Spokeswomen for the DOE, GAO and inspector general declined comment this morning.

The letter discusses other problems, such as the soaring costs of burying 77,000 tons of highly radioactive waste at Yucca Mountain and the failure of Lake Barrett, an eight-year veteran of the DOE's program, to manage the program effectively. Barrett became acting director of the DOE's Office of Civilian Radioactive Waste Management after Ivan Itkin resigned under the new Bush administration.

Barrett's office has spent more than $6.5 billion on nuclear waste management in 19 years, more than half of that on scientific studies at Yucca Mountain.

Over the past three administrations, Barrett has periodically assumed the role of acting director for DOE's nuclear waste management program. Before joining the DOE, he was an engineer with General Dynamics and Bechtel Power Corp., as well as the Nuclear Regulatory Commission -- the agency that must license a repository.

Bechtel-SAIC, a Nevada company formed to bid on the Yucca Mountain contract, takes over management of the DOE's project today. Bechtel-SAIC was awarded the five-year, $3.1 billion contract in November.

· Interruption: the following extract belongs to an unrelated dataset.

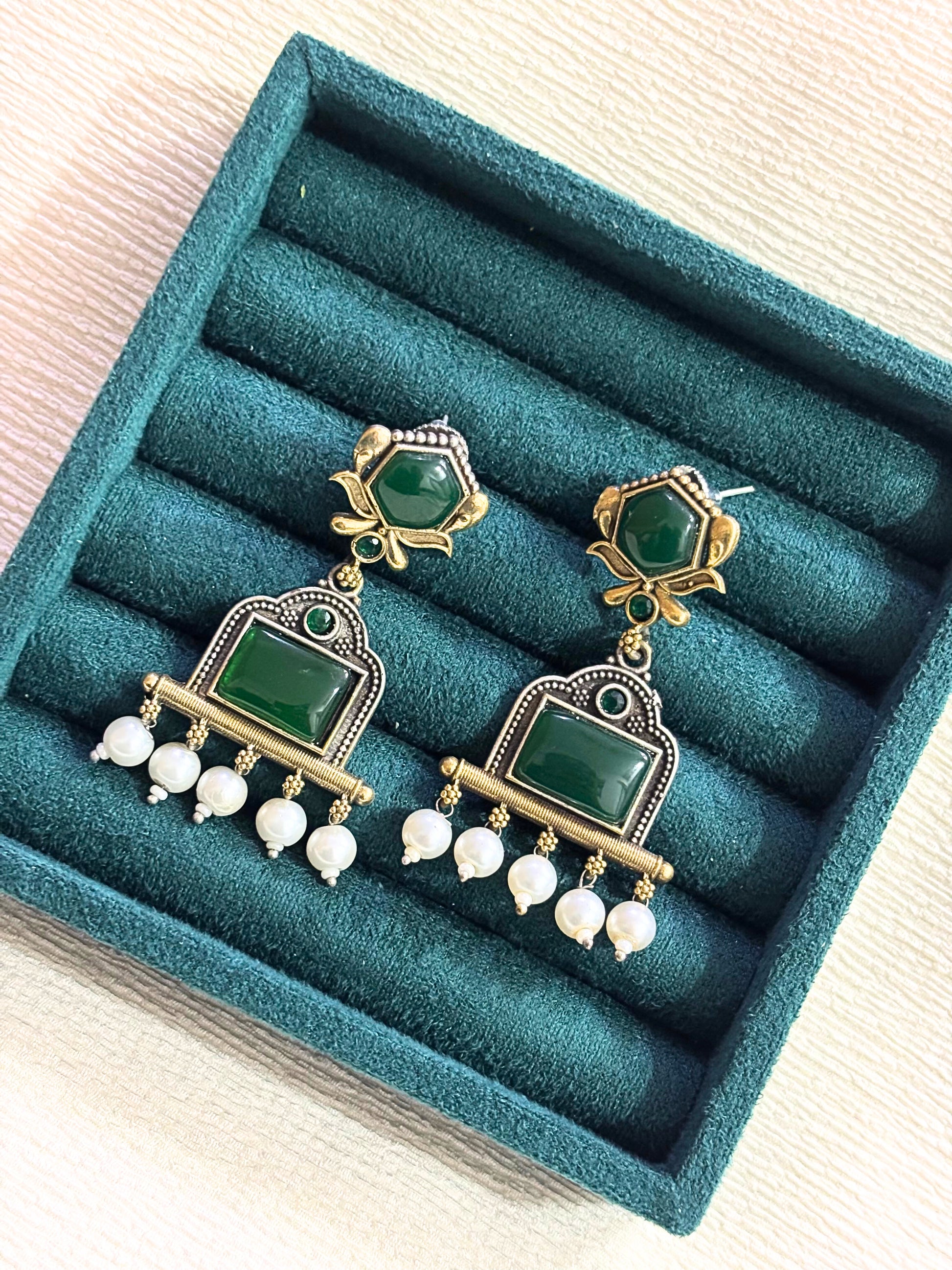 Elevate your traditional look with these exquisite oxidised earrings featuring deep green stone accents and delicate pearl danglers. The intricate design blends vintage elegance with timeless charm, making them perfect for festive occasions, weddings, or a regal everyday statement.
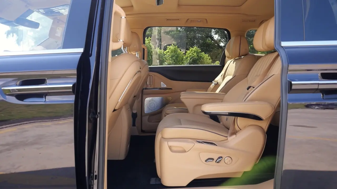 一台“纯正”的MPV,这是在前面我们给腾势D9的产品,所以一些MPV功能性的东西你是不用担心的,双电滑门、独立座椅、电动调节,B柱扶手,这些豪华MPV“标配”的功能它都有。

The anonymous letter said the official projected costs of Yucca Mountain have soared from $36 billion in 1995 to $58 billion today. And an independent internal estimate has revealed the real costs may be more than $62 billion and rising.

"That is incredible," the letter said, pointing to the problems being created by the ongoing dispute between the DOE and the technical review board.

"The program, encouraged and led by Lake Barrett, has engaged in what can only be termed a running battle with the Nuclear Waste Technical Review Board for the last eight years," the letter said.

"This monumental miscalculation -- that the board was not going to be a player in the site suitability recommendation process -- may eventually lead to the failure of the program."

Additional costs of complying with the review board's recommendations for monitoring the safety of Yucca Mountain and dealing with potential damages from pending lawsuits could drive the projects costs to $75 billion, the letter said.

The DOE's Public Affairs Office in Washington denied a request to interview Barrett.

"The author of the letter recognizes Barrett as the bureaucrat behind the scenes," said Kevin Kamps of the Nuclear Information and Resource Service, a Washington-based watchdog group. "He's been the guy behind Ivan Itkin. He knows what's going on."

The nuclear industry denied knowing anything about the letter or who wrote it. "We have no idea who the author might be," the Nuclear Energy Institute's Steve Kerekes said.

Yucca Mountain is the only site under study by the federal government to dispose of both commercial reactor and nuclear weapons wastes. The repository was supposed to open in 1998, but lengthy scientific studies at the site and a veto threat by President Clinton to stop temporary storage in Nevada delayed the opening until at least 2010.

The technical review board has serious concerns about the DOE's scientific work at Yucca Mountain.

The anonymous letter included an internal board memo in which the agency's executive director, Bill Barnard, expressed personal concerns that the DOE's plan for Yucca Mountain was confusing and ill-defined.

"Without a well-defined plan for creating a technically defensible process for the secretary to select a repository design concept, it appears that DOE may be trying to sell 'a pig in a poke,' " Barnard wrote. "Unfortunately, people do not have sufficient trust in DOE to accept this approach."

Barnard said today that he did not know who wrote the anonymous letter.

Bob Alvarez, a staffer under former Energy Secretary Hazel O'Leary, said the letter points out common examples of alleged mismanagement at the DOE.

"Typical of a large DOE project, and that includes Yucca Mountain, contractors are virtually given a blank check and there's no oversight," Alvarez said.

"The whole civilian radioactive waste office needs a total management analysis and review," Alvarez said, noting that the GAO and the National Academy of Sciences have been critical of DOE's top management in recent years.

In 1998 the GAO reviewed DOE's programs around the country and found that up to 85 percent of its projects failed in the last 20 years because of cost overruns.

"Essentially, it becomes a large gravy train for the system," Alvarez said.